Picture Bitcoin as that river slowing to a trickle. That’s the reality hitting the crypto king in March 2025. Data from Glassnodes “The Week On-chain Newsletter” on March 18, 2025, reveals a stark truth: liquidity—the fuel of Bitcoin’s price engine—is drying up fast.
Net capital inflows have stalled at a sluggish +0.67% monthly growth in Realized Cap. Exchange inflows have crashed by 54%. Futures markets are shrinking, and options traders are betting on a fall.
Here’s why Bitcoin’s market pulse is weakening—and what the numbers say about it.

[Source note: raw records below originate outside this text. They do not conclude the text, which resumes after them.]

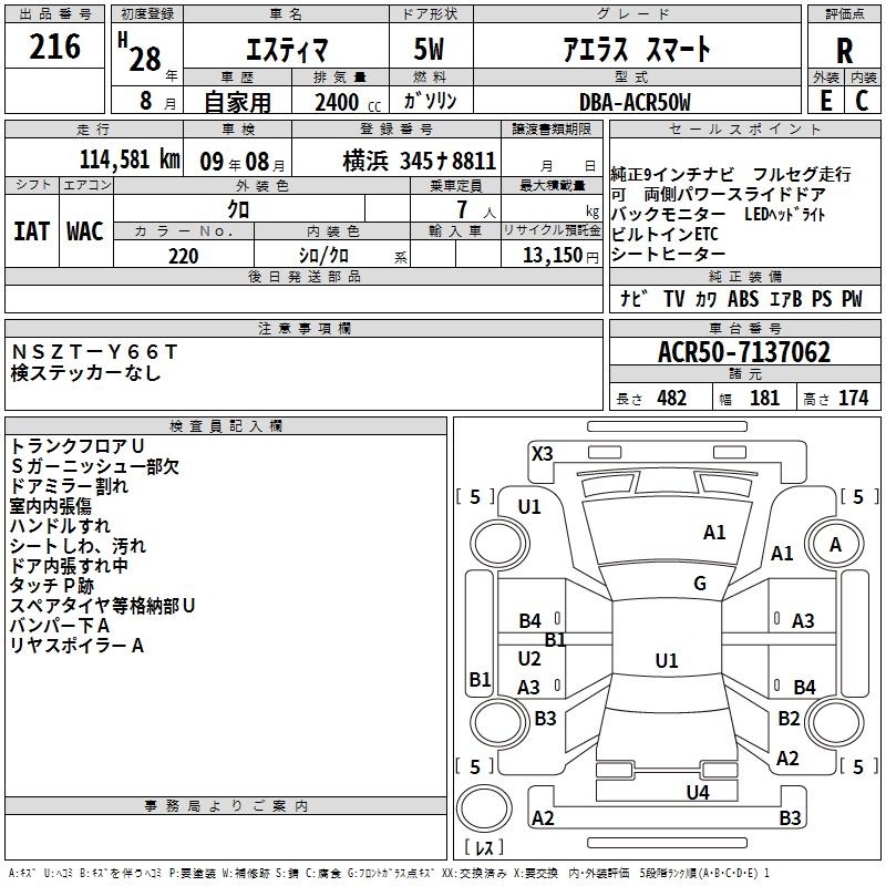 TOYOTA ESTIMA - лот 216
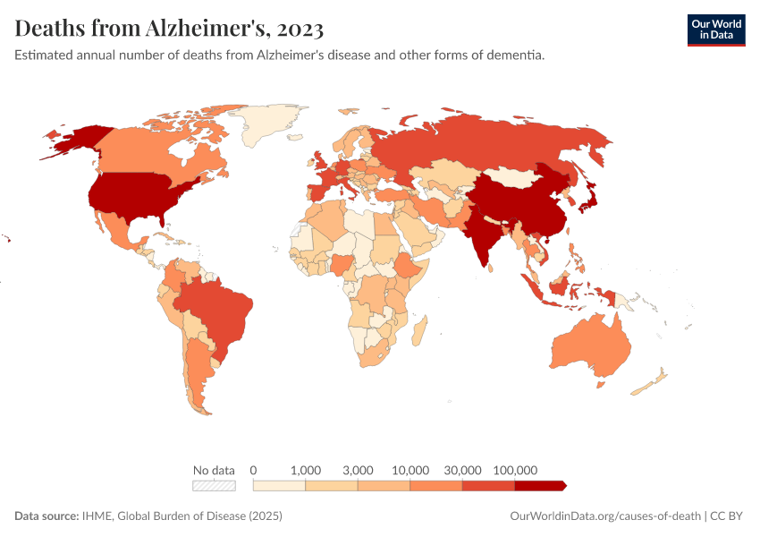 IHME, Global Burden of Disease (2024) – with minor processing by Our World in Data. “Deaths from Alzheimer's” [dataset]. IHME, Global Burden of Disease, “Global Burden of Disease - Deaths and DALYs” [original data]. Retrieved January 6, 2026 from https://select-date-by-typing.owid.pages.dev/grapher/deaths-from-alzheimers
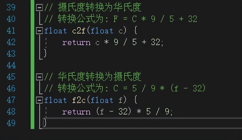 程序代碼實現上,轉換功能通過兩個函數c2f和f2c實現。c2f實現了攝氏度轉換為華氏度;f2c則實現了華氏度轉換為攝氏度。代碼描述如下圖2所示。
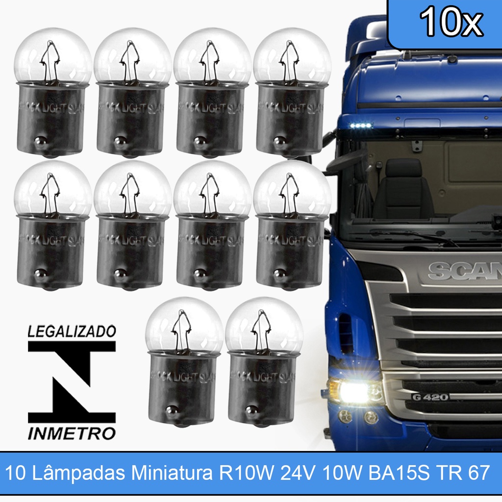 Lâmpadas Halógena Automotiva (TR 67) R10 W I 24V 10W BA15S - Para Caminhão Jogo
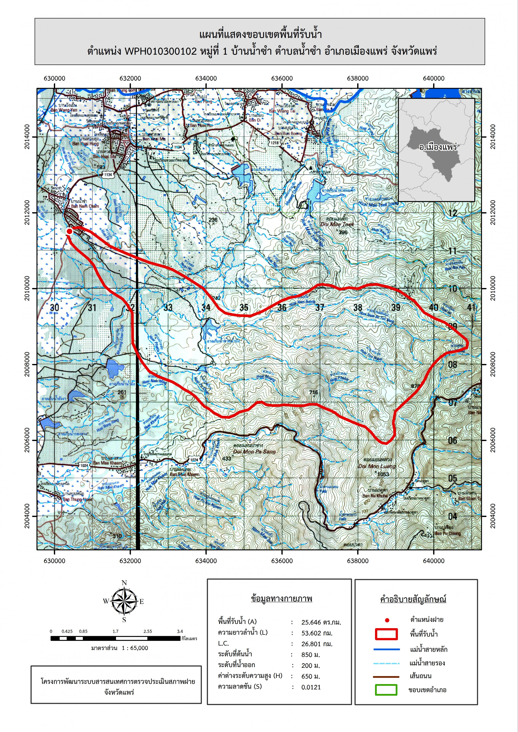 รูปภาพแผนที่แสดงขอบเขตพื้นที่รับน้ำ
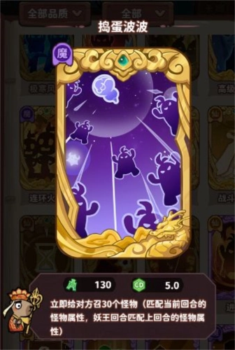 通常来说,具备自我增益效果的卡牌属于“仙”属性,而用于干扰敌方的卡牌则归为“魔”属性。普通卡牌总共有22种,每次能够携带2到3张,具体的携带数量会标注在卡牌的右上角位置。
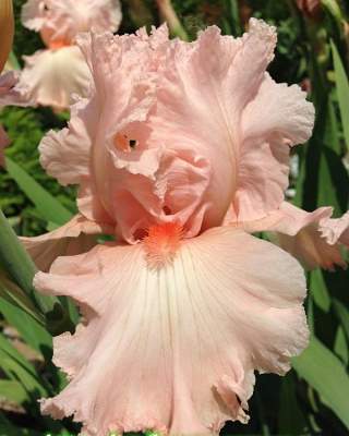 Ирис Beverly Sills (Беверли Силс). Цветок чистого светло-розового цвета, очень крупный, с широкими волнистыми лепестками.
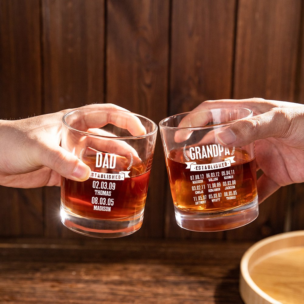 Ciò che distingue questo bicchiere da whisky è la possibilità di personalizzarlo. È possibile personalizzare il titolo e i nomi e le date di nascita dei figli per rendere questo regalo davvero unico. Che si tratti di un regalo per la festa del papà o per qualsiasi altra occasione, questo bicchiere da whisky farà sicuramente colpo e mostrerà ai vostri cari quanto ci tenete e vi congratulate con loro.
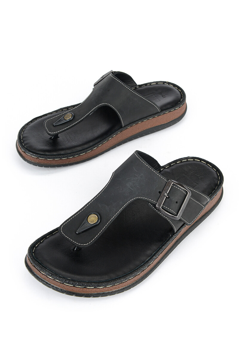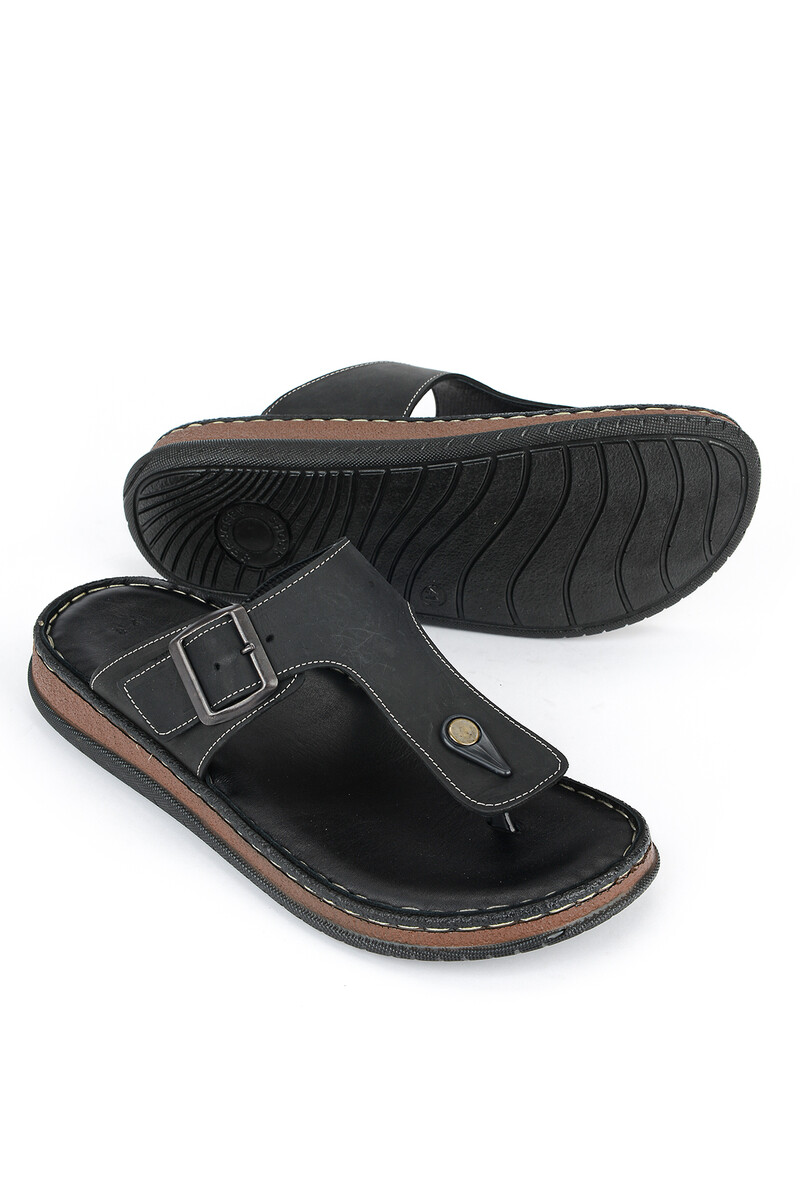 Hakiki Deri Erkek Terlik Siyah

Bitcoin News: BTC Liquidity Drought Hits Hard
Liquidity keeps Bitcoin’s market alive. It’s the ability to trade without wild price swings. But the taps are closing. Glassnodes reports that net capital inflows, tracked via the Realized Cap, grew by just +0.67% per month as of March 18, 2025. That’s a sharp slowdown from peak bullish times.
On-chain, the ‘Hot Supply’—coins aged one week or less—tells a grim story. It’s dropped from 5.9% of circulating supply at the market high to 2.8% now. That’s a 50%+ contraction, signaling fewer coins are up for grabs.

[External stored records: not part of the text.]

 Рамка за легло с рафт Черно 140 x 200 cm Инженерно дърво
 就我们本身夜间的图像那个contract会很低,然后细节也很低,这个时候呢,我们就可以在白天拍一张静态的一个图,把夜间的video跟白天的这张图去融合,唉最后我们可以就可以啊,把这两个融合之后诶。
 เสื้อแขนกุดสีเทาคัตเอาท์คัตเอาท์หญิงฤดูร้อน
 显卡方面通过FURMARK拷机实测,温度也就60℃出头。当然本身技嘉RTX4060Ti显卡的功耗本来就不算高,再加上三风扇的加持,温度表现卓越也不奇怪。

Exchanges feel the pinch too. Daily inflows of Bitcoin plummeted from +58.6k BTC at the peak to +26.9k BTC, a 54% dive, per Glassnodes data. Less Bitcoin hitting exchanges means weaker buying power. The market’s once-lively trading floors are quieter now.
Futures Fade, Options Signal Caution
The futures market mirrors this retreat. Open interest—total active futures contracts—fell 35%, from $57 billion at Bitcoin’s all-time high to $37 billion today, Glassnode notes.
Recent Bitcoin news shows that traders are pulling back. The cash-and-carry trade, a go-to strategy blending US spot ETFs and CME Group futures, is unraveling too. ETF outflows spiked as futures positions closed, adding sell pressure to spot markets, per the newsletter.
Options markets lean bearish. The Volatility Smile shows put options—bets on a price drop—carry higher premiums.
The Options 25 Delta Skew, comparing volatility between puts and calls, climbed for 1-week and 1-month contracts. That’s a clear sign traders want downside protection, Glassnodes reports. Risk aversion is setting in.
Short-Term Holders Bleed, Long-Term Holders Wait
Investors split into two camps. Short-Term Holders (STHs), those owning Bitcoin for 155 days or less, are hurting.
Their unrealized losses hit a +2σ level—a mark seen in past bull market dips but tame compared to the 2022 crash or May 2021 sell-off. Over 30 days, STHs locked in $7 billion in losses, the biggest capitulation this cycle, per Glassnode. Still, it’s not a full-blown panic.
Long-Term Holders (LTHs) play a different game. Their Binary Spending Indicator shows spending has eased. Supply held by LTHs is rising after months of decline.
Even at $82,000, exchange inflows from LTHs stayed modest—some took profits, but most held firm.
Glassnode’s data shows LTHs control a hefty chunk of network wealth, more than usual for this cycle stage. Their grip could shape what’s next.